后知后觉的我打了个哆嗦,恍然回头:“怎么了。”
“今天是我们两个值日。”
平时不施粉黛的她今天画了淡淡的眼影。我稍往后退了步,避开若有若无的香风,不知为什么连声带都在微微颤抖:“嗯...”
“我一个月前就买了洛克大师机甲表演赛的门票...”
这几天满城都是这个新闻,连地上捡的广告单的内容都不再是移民推销了。我记得表演赛定的时间就是今天,但开着学校的清洁机甲打扫一圈园区少说也得耗去一个小时,那时候再赶去市中心的黄石体育场就肯定来不及了。
“你去吧,我一个人打扫就可以。”
“啊——”
我疑惑地看了她一眼,似乎——还不大情愿?
“这多不好意思...”
她顿了顿,嘴角微微勾起:“那我下次请你吃饭吧!”
“不用麻烦的...”
“不行!”
“就这样说定了,我先走啦!”
“啊...哦...拜拜。”
似丝绸般柔顺的墨色长发在腰间随风摇曳,看着她略带歉意的微笑和逐渐压抑不住的欢快脚步,我不禁陷入沉思。
黄石预备役高中是我们沙都星最好的高中,培养了无数知名军官政客,即使在整个联邦星系,也能排进前200,也算是沙都星如今为数不多的一个亮点了。
虽然沙都星位于联邦星系的西北角,一个姥姥不疼,舅舅不爱的偏僻位置,但据说在四十年前——也就是我爸刚出生那会,是沙都星最光辉的岁月。
走上大街,随处可见成片的星际飞船还有泛着油光的黑武士采矿机甲在星际航道上往返,虽比不上星际大战里的壮观场景但也足够令沙都星闻名遐迩。不像现在,连个鬼影都难找。
守头七那会,我在爸爸的衣柜底下找到过黑武士的海报——冷酷的乌金面罩,充满爆炸力的肌肉线条,模仿虫兽的锋利狼爪再加上略显中二的POSE,所有的一切都符合那个年龄段男生对机甲的一切幻想。
虽然海报烧掉了,但黑武士成了我的梦中情人。在16岁之前,我每晚梦见的都是驰骋着机甲在天际翱翔的画面——直到遇见了骆歆。

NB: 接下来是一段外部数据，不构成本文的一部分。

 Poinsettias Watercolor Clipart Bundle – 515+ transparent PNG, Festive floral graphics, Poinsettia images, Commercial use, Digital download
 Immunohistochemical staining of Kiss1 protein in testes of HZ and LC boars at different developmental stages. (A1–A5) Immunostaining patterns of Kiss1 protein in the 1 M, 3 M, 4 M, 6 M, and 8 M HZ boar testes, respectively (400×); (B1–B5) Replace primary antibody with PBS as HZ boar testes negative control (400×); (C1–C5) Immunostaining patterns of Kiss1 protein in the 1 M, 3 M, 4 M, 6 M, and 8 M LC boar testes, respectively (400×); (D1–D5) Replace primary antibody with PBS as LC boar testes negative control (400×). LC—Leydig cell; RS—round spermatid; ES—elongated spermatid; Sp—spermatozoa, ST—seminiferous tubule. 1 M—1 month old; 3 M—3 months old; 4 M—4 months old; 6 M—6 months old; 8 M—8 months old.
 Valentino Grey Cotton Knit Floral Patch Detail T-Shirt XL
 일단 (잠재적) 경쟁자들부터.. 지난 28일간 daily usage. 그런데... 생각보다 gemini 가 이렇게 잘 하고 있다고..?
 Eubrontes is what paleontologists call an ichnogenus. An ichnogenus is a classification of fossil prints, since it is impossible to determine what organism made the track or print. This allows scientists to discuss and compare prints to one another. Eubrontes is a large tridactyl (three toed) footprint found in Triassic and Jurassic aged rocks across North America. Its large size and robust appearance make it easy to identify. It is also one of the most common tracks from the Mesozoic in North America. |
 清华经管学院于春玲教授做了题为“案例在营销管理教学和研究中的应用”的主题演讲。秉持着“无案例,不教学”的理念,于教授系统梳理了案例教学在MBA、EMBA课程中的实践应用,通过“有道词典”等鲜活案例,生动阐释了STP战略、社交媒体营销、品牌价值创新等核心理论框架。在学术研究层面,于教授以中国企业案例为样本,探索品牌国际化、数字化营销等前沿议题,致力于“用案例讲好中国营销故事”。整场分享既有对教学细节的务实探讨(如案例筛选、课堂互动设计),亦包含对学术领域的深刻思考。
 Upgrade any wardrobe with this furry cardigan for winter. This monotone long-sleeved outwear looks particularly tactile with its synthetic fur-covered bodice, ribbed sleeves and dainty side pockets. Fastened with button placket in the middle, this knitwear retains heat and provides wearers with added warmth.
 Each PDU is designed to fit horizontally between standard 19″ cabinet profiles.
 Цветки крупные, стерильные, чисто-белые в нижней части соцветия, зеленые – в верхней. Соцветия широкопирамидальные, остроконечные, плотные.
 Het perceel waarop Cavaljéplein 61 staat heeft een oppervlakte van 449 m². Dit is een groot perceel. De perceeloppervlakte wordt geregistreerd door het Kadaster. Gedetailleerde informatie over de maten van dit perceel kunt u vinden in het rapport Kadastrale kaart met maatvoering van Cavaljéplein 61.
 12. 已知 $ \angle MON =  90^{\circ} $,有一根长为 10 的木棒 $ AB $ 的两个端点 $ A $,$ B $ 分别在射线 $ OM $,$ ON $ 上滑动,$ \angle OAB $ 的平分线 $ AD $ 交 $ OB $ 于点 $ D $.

还记得那年入学是个秋天,针枫开得特别美,捡起的每片树叶都像广告里的珠宝一样在太阳底下耀着光。金黄的躯干上镶了圈红边,,洋洋洒洒地飘在空中,仿佛远古录像里翩翩起舞的盛装少女。在老家,我从未见过如此美丽的针枫,一时间定在学校门口看愣了神。
“喂,同学,你没事吧?”
她的声音清爽的像是蓝星的海风,带着淡淡的香草味,让人忍不住想要更贴近些。
我努力不让自己露怯,抬头直直盯着她的眼睛僵硬回道:“没事,只是突然想到一起传动模型案例而已。”
【她的眼睛真好看】
盯着我瞧了一会,她噗地笑出了声:“同学,你真可爱。”
“...”
“认识一下吧,我叫骆歆,机甲师预备役。”
“唐志杰,机甲兵预备役。”
“嗯...名字不太好记,你可以叫我小唐或者小杰。”
听着沿血管、骨骼反馈到耳蜗里的生硬自我介绍,羞耻感猛地袭上心头,我低头微微侧身闪过,加快脚步想要摆脱尴尬。
她倒是混不吝地跟在身后继续搭话。
“你也是新生吗,我带你去宿舍吧。”
“啊...哦...不用麻烦了。”
“没事,没事,刚好顺路。”
“我认路的...”
“哎呀,你就当做了件善事,陪我聊聊天呗。”
余光瞟见她脸上的期待,我实在不好意思拒绝,只能擦了把冷汗,硬着头皮答应:“好吧...那,谢谢了。”
“都是同学,这么客气干嘛。”
她拍我肩膀的样子很有大佬风范,透过薄衫能感触到肌肤微妙的温差变化,加上鼻尖时不时飘来好闻的香草味,我艰难地咽了口唾沫,拖着行李箱跟在她身后。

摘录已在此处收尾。